Why did we even do this? More specifically, why didn’t we partition the database from the very beginning? The honest answer is that it would have been absolutely the wrong thing to do. In the early stages, we should (and did) prioritize validating our business model and making sure we found a product-market fit. Even as we were growing, we prioritized delighting our early customers and rapidly iterating on our product offering over engineering for a future scale that may never have come. The opportunity cost of over-engineering early on is too high. Far better to spend our scarce time and resources concentrating on solving near-term problems rather than problems that might only occur in a year or two.

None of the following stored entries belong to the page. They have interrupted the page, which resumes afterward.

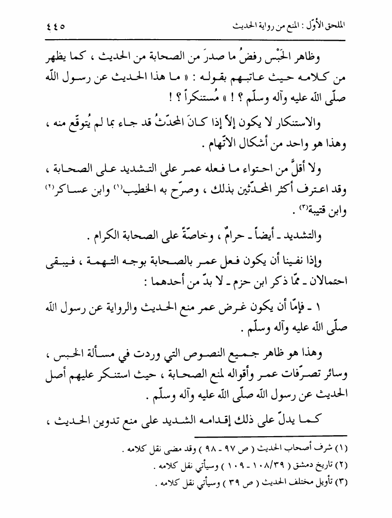 نام کتاب : تدوين السنة الشريفة، بدايته المبكرة في عهد الرسول ص ومصيره في عهود الخلفاء إلى نهاية القرن الأول نویسنده : السيد محمد رضا الحسيني الجلالي جلد : 1 صفحه : 445
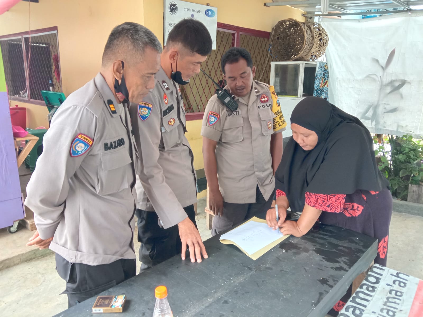 Personel Sat Binmas Polrestabes Medan mengecek di Poskamling XI Jalan Teh Perumahan Simalingkar, Kelurahan Mangga, Kecamatan Medan Tuntungan.
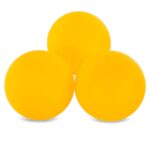 Три мяча, включенные в комплект, имеют стандартные размеры и вес, подходящие для игры на любительском уровне. Они изготовлены из качественного пластика, что способствует долговечности и стабильности полёта. Благодаря своему дизайну и материалам, мячи обеспечивают ровный и предсказуемый отскок, что делает игру более комфортной и приятной для обоих участников.
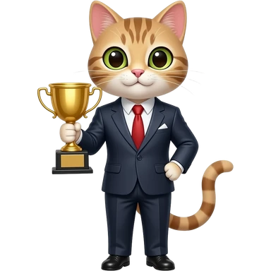 a female cat in a suit with an award emoji

Now that we have achieved a scale where the shared database is a pain point, it makes sense to invest in unsharing it.
It is worth pointing out that rearchitecting or reengineering a system is almost always a sign of success, not a sign of failure. It is not so much that you have to rearchitect as that you get to rearchitect. It means that you have reached a scale where your earlier choices no longer work, and that people actually care about the product you provide. Or, as I like to say, if you don’t end up regretting your early technology decisions, you probably over-engineered!